Here we see that 11 of the 19 coefficient estimates are exactly zero. So the lasso model with \(\lambda\) chosen by cross-validation contains only 8 predictors. Below the plot of these variables according to the importance of their contribution to the baseball player’s Salary.
ggplot(varImp(fit_lasso))
Finally, we calculate the RMSE and \(R^2\) of the lasso model using the test data and compare them with those of ridge regression. The results suggest that the lasso regression is slightly better than the ridge model.
pred3 <- predict(fit_lasso, newdata = test_df)
data.frame(RMSE = RMSE(pred3, test_df$Salary),
Rsquared = R2(pred3, test_df$Salary))
## RMSE Rsquared
## 1 367.2626 0.4126479
Elastic net model combines the properties of ridge and lasso regression.
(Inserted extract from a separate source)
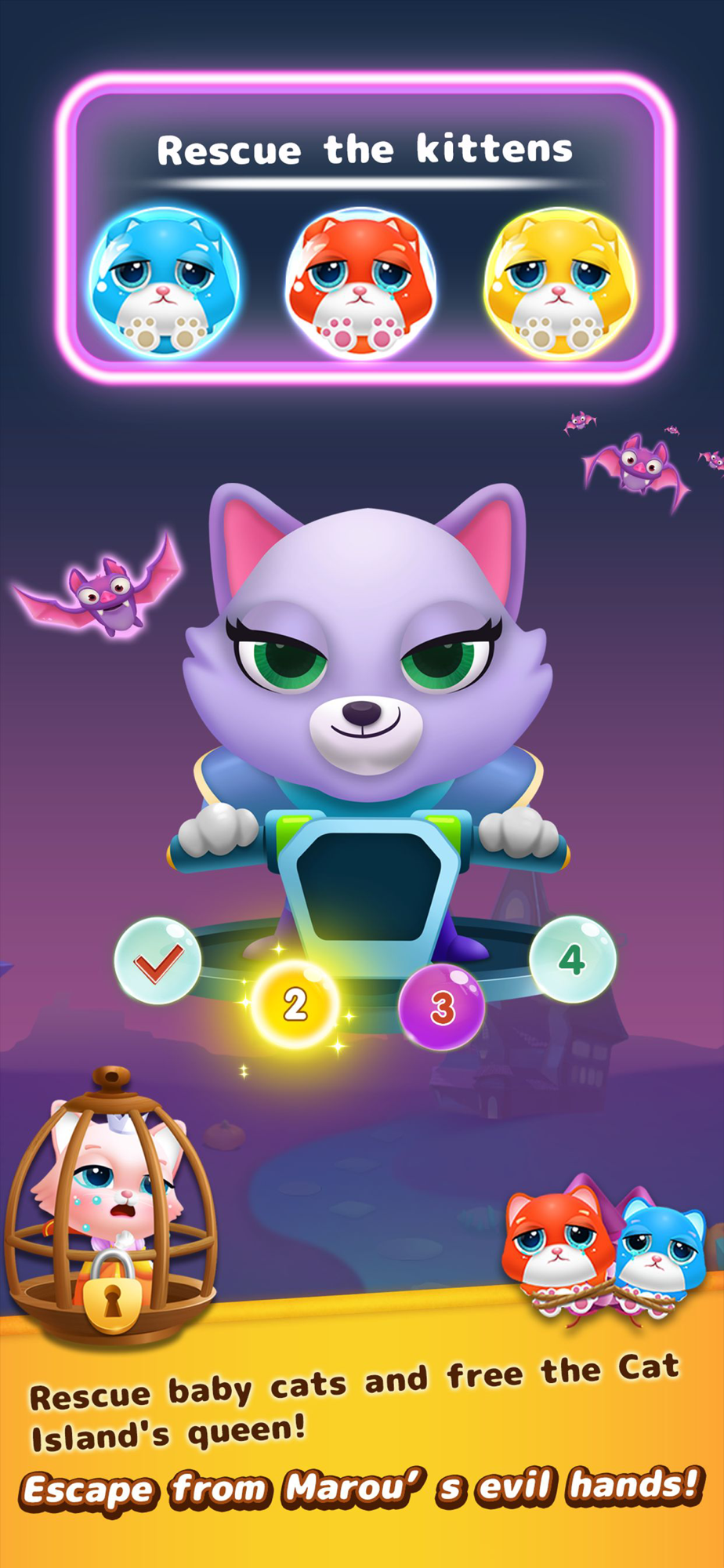 - Use the booster to over come faster. Our magic animal friends will support you to rescue kittens

The model can be easily built using the train() function in the caret package, which automatically selects the optimal value of parameters alpha and lambda. We use the argument tuneLength = 10 , which specifies that 10 different combinations of values for alpha and lambda are to be tested.
# Train the lasso model
fit_elastic.net <- train(Salary ~ .,
data = train_df,
preProcess = c("center", "scale"),
method = "glmnet",
tuneLength = 10,
trControl = ctr)
The best values of \(\alpha\) and \(\lambda\) obtained from the 10-fold cross-validation method are
fit_elastic.net$bestTune
## alpha lambda
## 8 0.1 42.32331
As we did in the ridge and lasso models, we can calculate the RMSE and R-squared values for the elastic net regression model on the test data using the following code:
pred4 <- predict(fit_elastic.net, newdata = test_df)
data.frame(RMSE = RMSE(pred4, test_df$Salary),
Rsquared = R2(pred4, test_df$Salary))
## RMSE Rsquared
## 1 370.3724 0.4174883